愉常在人却没有察觉到褚庭昊语气的变化,“没错,我觉得这些事情就是不公平。”
“大胆。”马有财走上前呵斥,“圣上面前有失仪容”
愉常在吓了一跳,赶紧把手松开,她低下头继续说,“虽然我骂了姐姐这件事情是我的错,但是她把我打成这样,就这样简简单单的过去了吗?”
“这根本就不公平,上一次方贵人对我下药这件事情,皇上也是轻描淡写的把这事给略过了,这哪有什么公平可言?”
褚庭昊笑了一声,旁边的宫女太监直接跪了下来。
“公平?”褚庭昊挑起愉常在的下巴,“这世界要是真的有这么多的公平,那该多好。”
“皇上。”愉常在总算是察觉到有些不对劲了。
“皇后的处罚你不满意,那这些处罚就算了。”褚庭昊语气轻轻的说,“把愉常在带下去仗责二十大板,叫礼仪嬷嬷过来教导。”
至于张贵人什么事也没有,而且还被皇上送回去,顺便还送了些东西,说是受惊了。
“皇上!”愉常在的脸色一下子苍白下来,她不敢相信褚庭昊口中所说的话。
俞宁心开口,“愉常在是还有什么意见吗?”
俞宁心身后不仅仅是皇后的位置,还有褚庭昊有皇上的保护,任何人都不敢对俞宁心不敬。
俞宁心也很少见到后宫里有这么愚蠢的人了,就算那些人想要做什么都会在暗地里进行。
只有愉常在会把自己的蠢摆在明面上,告诉大家,她就是一个蠢货。
俞宁心原本还想着这个人能够多利用,可是现在看来恐怕没过几天。人就死了。
“皇上,臣妾有些累了。
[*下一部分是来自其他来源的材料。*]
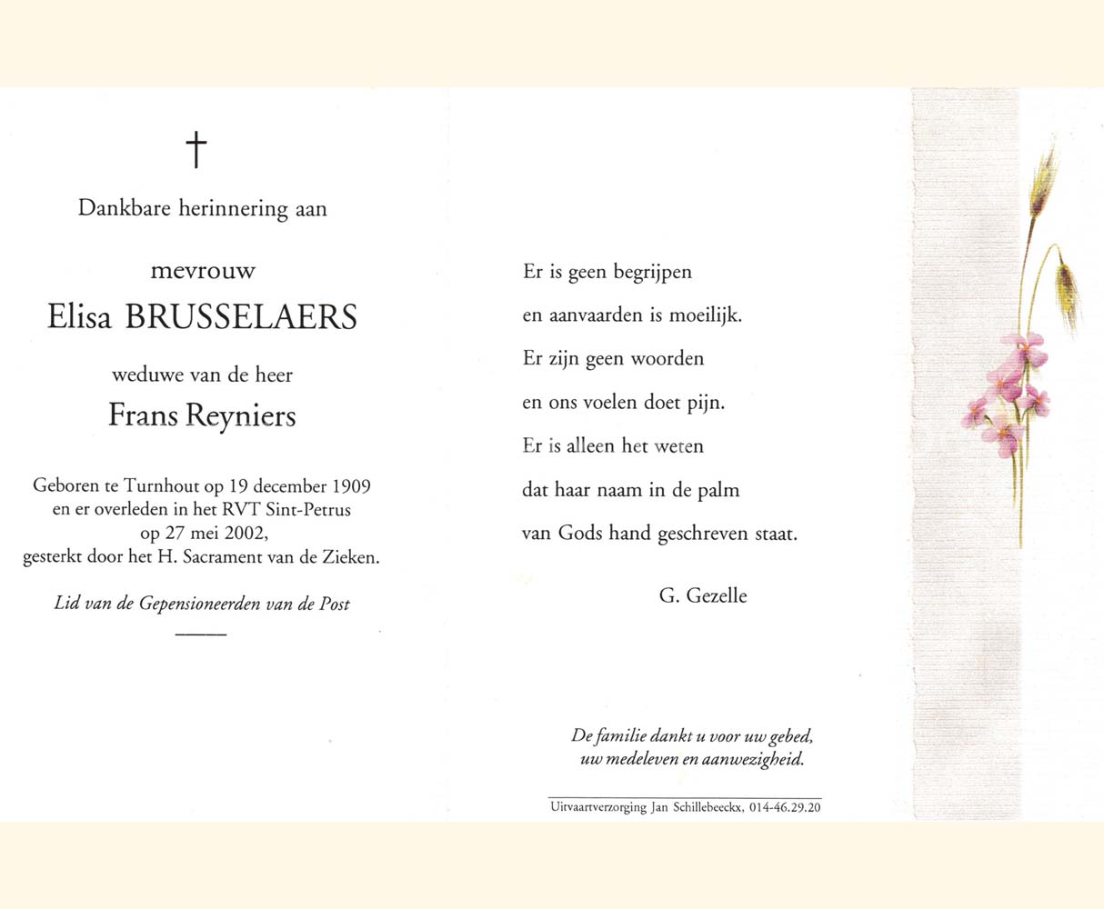 Wij willen met deze website niemand kwetsen of beledigen, het is enkel de bedoeling om genealogische informatie weer te geven.  Daarenboven hechten we veel belang aan ieders privacy.  Heeft u bezwaar tegen de vermelding van een bidprentje van één van uw familieleden die de afgelopen 50 jaar overleden zijn, stuur dan een mailtje naar info@smartsitesolutions.be.
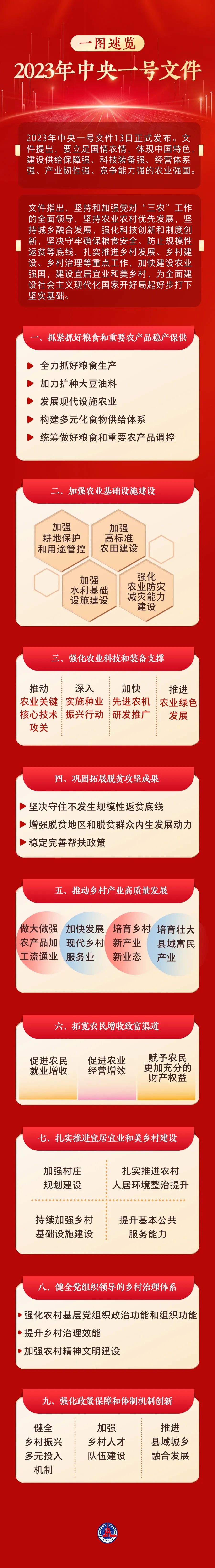 这份文件题为《中共中央国务院关于做好2023年全面推进乡村振兴重点工作的意见》,全文共九个部分,包括:抓紧抓好粮食和重要农产品稳产保供、加强农业基础设施建设、强化农业科技和装备支撑、巩固拓展脱贫攻坚成果、推动乡村产业高质量发展、拓宽农民增收致富渠道、扎实推进宜居宜业和美乡村建设、健全党组织领导的乡村治理体系、强化政策保障和体制机制创新。

”俞宁心明明什么也没做,却又故作柔弱的说。
褚庭昊拿起旁边的帕子擦干手,把帕子丢在地上,“我带你回去休息。”
语气特别的温柔,是愉常在从来没有听过的语气。
而且刚刚皇上拿帕子擦的手也是接触过自己的。
愉常在在这一刻脑子忽然清明起来,自己不应该这么直接的打断皇后所说的话,不应该对皇后的处罚不满。
不应该在众人的面前明摆着说皇后的不好,更不应该在皇上的面前失仪。
愉常在清醒了,她想要认错,可是褚庭昊看都没看她一眼,直接抱着俞宁心离开了。
“皇上?放开我!”俞宁心原本也只是想要让愉常在吃醋罢了,并没有想过真的要让褚庭昊抱着自己。
褚庭昊笑说,“皇后不是说累了吗?朕抱你回去。”
俞宁心脸一下子红了起来,“这么多人,要是让旁人看见了又该说什么了?”
虽然心里很感动,但俞宁心也有些害羞,把脸埋在褚庭昊的怀中。
褚庭昊哈哈大笑,“怕什么?这是朕的天下,朕的后宫,谁要是敢多说一句,把舌头拔了便是。”
愉常在听着他们说完这些话。还没反应过来什么,就被后面的太监拽到空地直接仗责。
俞宁心晚上得知愉常在被打完一顿之后,发起了高烧,“跟我说这些做什么,我又不是太医院的那些太医。”
张贵人什么事也没有,不单单是因为她安分守己,更是因为她父亲的身份也不一般。
虽说后宫不得干涉朝政,但是后宫跟前朝有关系紧密。
张贵人虽然进宫有一段时间了,但是却从来没有做过害人的事情,也没有主动招惹麻烦。
看在她安分的份上,再加上她父亲的面子,俞宁心自然也不会对她做什么。
这后宫里面的人很多,聪明人不少,但蠢货也不缺。
唯独像愉常在这么蠢的,已经很少见到了。
“那些东西给愉常在送过去,说是皇上赏赐的。”俞宁心手上拿着针绣活在给皇上绣香囊。
旁边的宫女退去,但是身边的大宫女有些不明白,“娘娘,奴婢不明白,如今愉常在变成现在,怎么还要给她送礼呢?”
要是不送其他人自然也会过来找愉常在,麻烦不出一个月的时间人自然也就废了,皇后娘娘也少了一个对手。
俞宁心把布料放到旁边,“总要有一个人牵制一下。”
有些人身份不太合适,而且脑子又聪明,但是愉常在不一样,她身后的人保不住,再加上她做的这些事,后面的人估计也要把她放弃了。